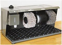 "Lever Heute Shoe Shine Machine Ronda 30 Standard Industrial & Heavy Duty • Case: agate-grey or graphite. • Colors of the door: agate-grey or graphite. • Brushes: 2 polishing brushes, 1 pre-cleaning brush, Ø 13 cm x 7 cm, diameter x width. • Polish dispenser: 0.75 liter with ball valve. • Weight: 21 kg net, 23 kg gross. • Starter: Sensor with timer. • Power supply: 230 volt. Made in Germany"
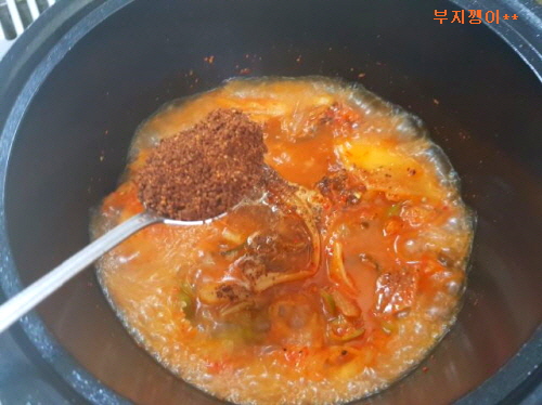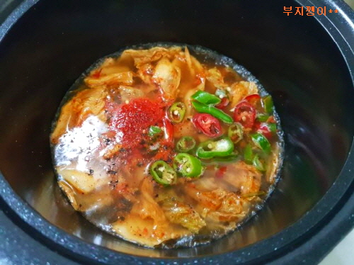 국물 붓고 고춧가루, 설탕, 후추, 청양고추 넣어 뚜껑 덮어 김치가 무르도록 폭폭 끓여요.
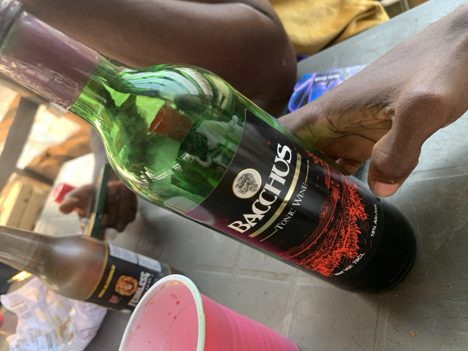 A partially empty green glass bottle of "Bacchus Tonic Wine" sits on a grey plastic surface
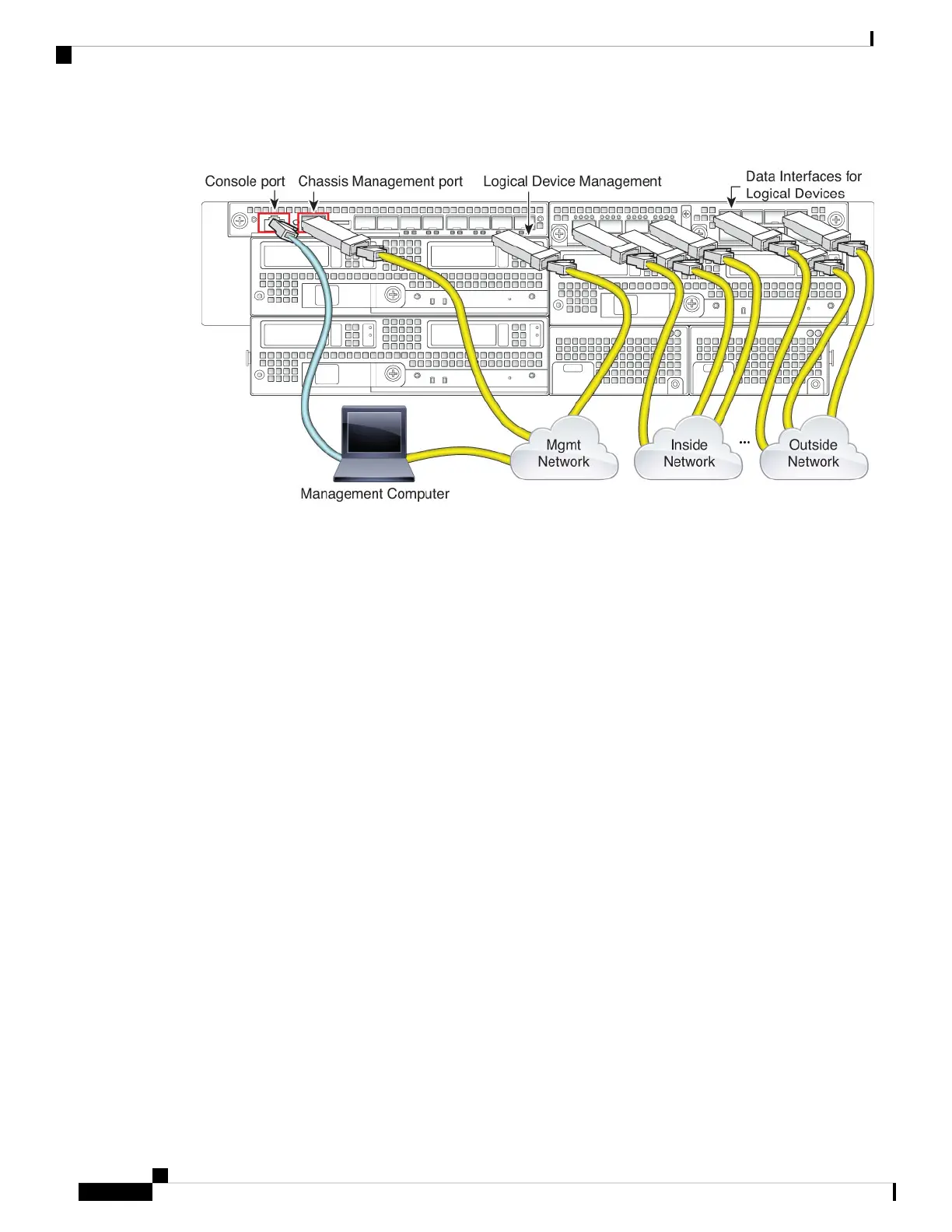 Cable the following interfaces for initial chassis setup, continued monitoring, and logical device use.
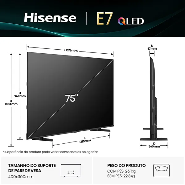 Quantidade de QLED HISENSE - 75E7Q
* * *
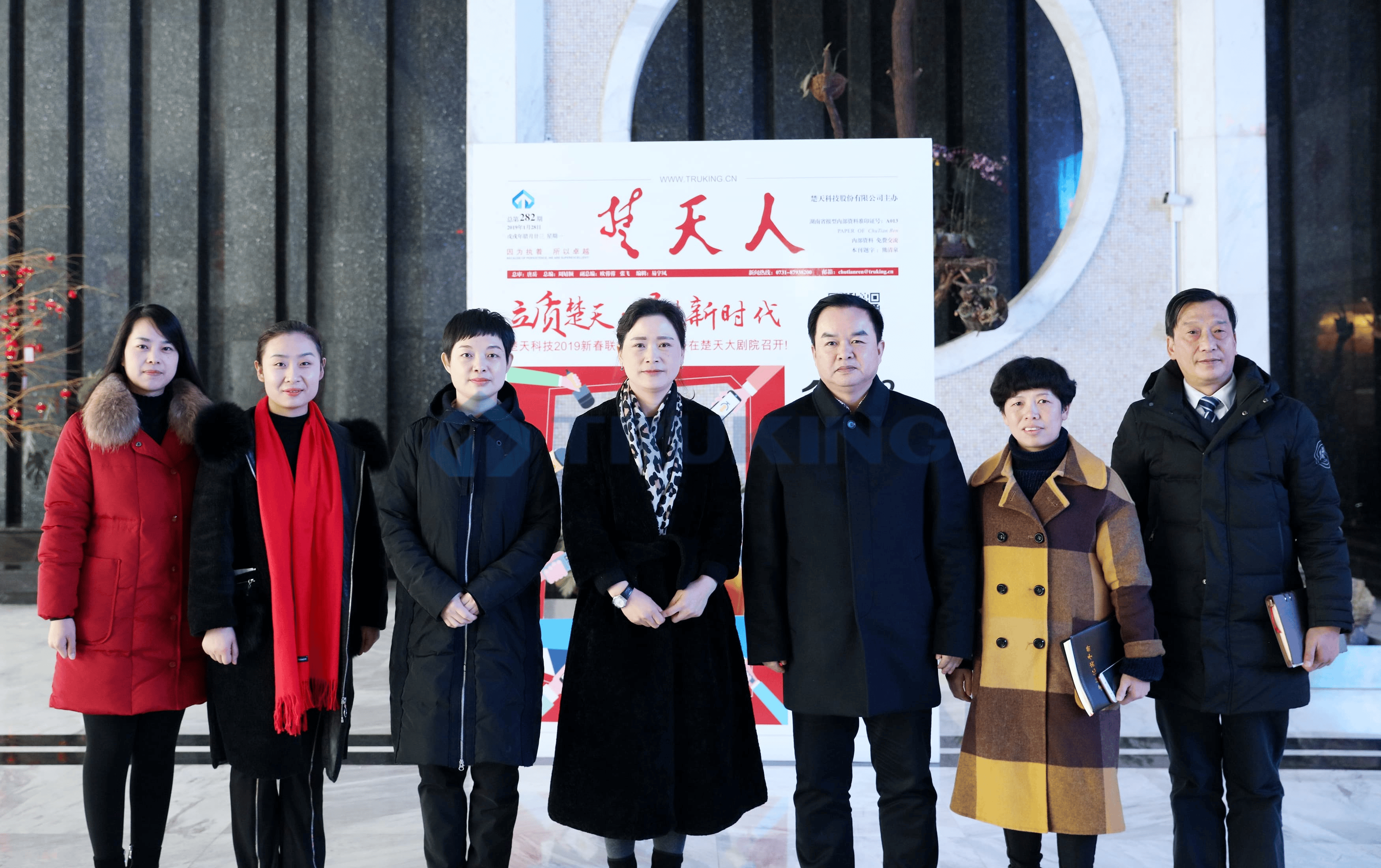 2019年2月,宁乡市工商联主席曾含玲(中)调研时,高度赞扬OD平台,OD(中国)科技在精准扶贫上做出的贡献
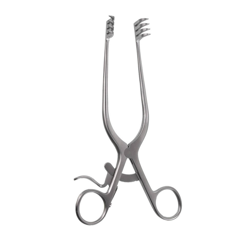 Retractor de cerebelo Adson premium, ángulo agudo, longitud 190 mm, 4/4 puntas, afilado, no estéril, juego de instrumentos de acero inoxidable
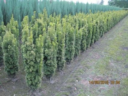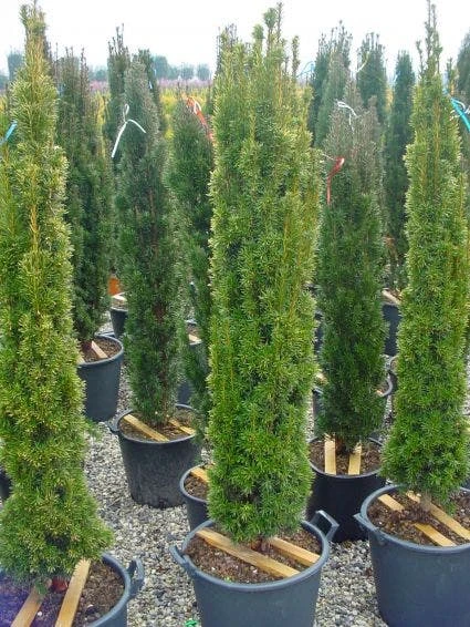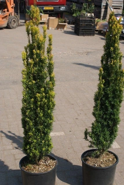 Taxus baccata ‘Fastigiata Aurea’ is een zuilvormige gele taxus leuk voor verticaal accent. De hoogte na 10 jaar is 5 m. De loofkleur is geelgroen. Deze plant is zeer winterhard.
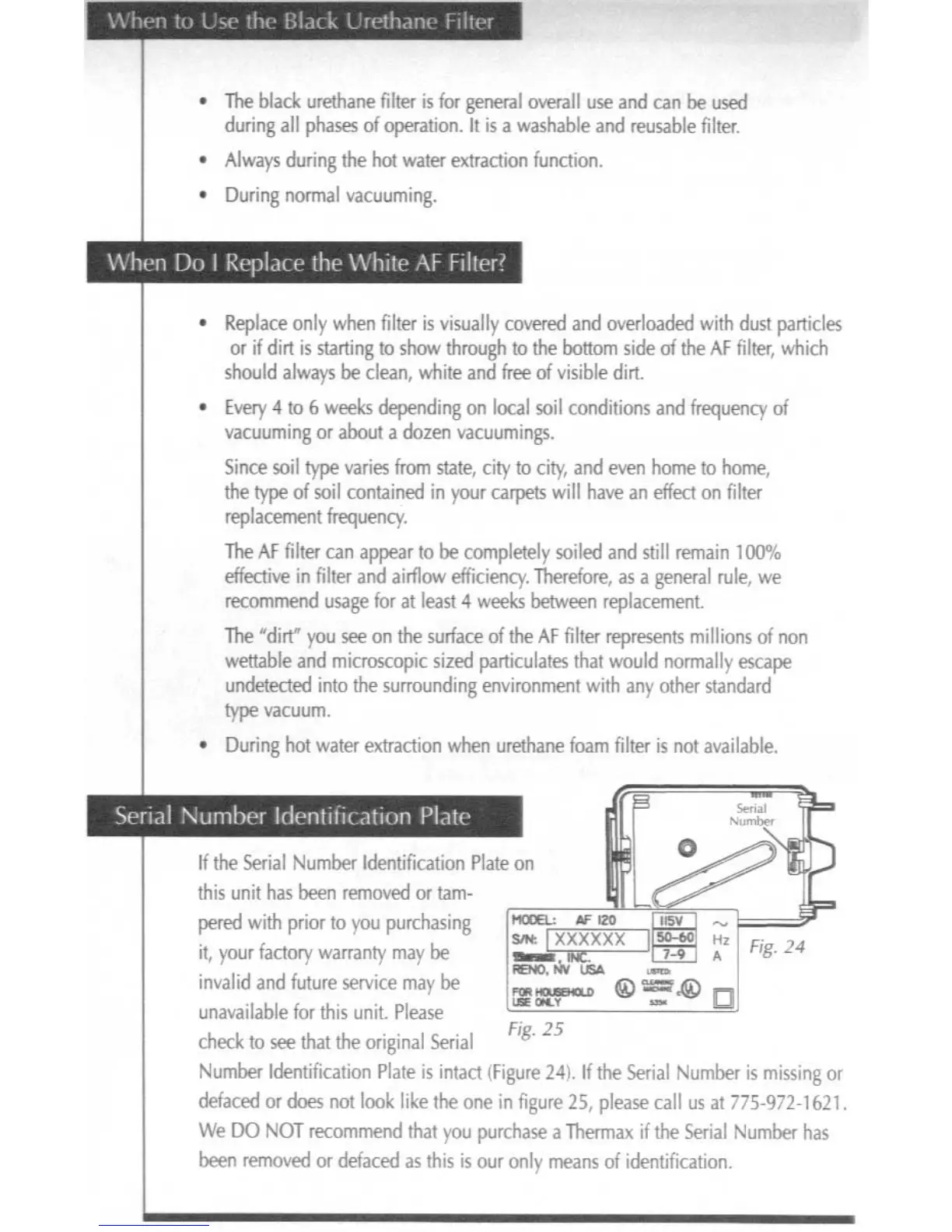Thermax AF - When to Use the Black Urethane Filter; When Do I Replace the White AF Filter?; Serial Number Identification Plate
...
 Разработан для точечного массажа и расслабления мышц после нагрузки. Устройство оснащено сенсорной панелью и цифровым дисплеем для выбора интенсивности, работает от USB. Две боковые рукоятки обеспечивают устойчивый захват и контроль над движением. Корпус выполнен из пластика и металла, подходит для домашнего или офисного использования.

→ **WHAT IS REQUIRED**: Precisely those lines above that run from the line with "Taxus baccata ‘Fastigiata" up to and including the line with "Thermax AF - When" are to be set down, with the pictures omitted.

→ **SOLUTION**:
 Taxus baccata ‘Fastigiata Aurea’ is een zuilvormige gele taxus leuk voor verticaal accent. De hoogte na 10 jaar is 5 m. De loofkleur is geelgroen. Deze plant is zeer winterhard.
Thermax AF - When to Use the Black Urethane Filter; When Do I Replace the White AF Filter?; Serial Number Identification Plate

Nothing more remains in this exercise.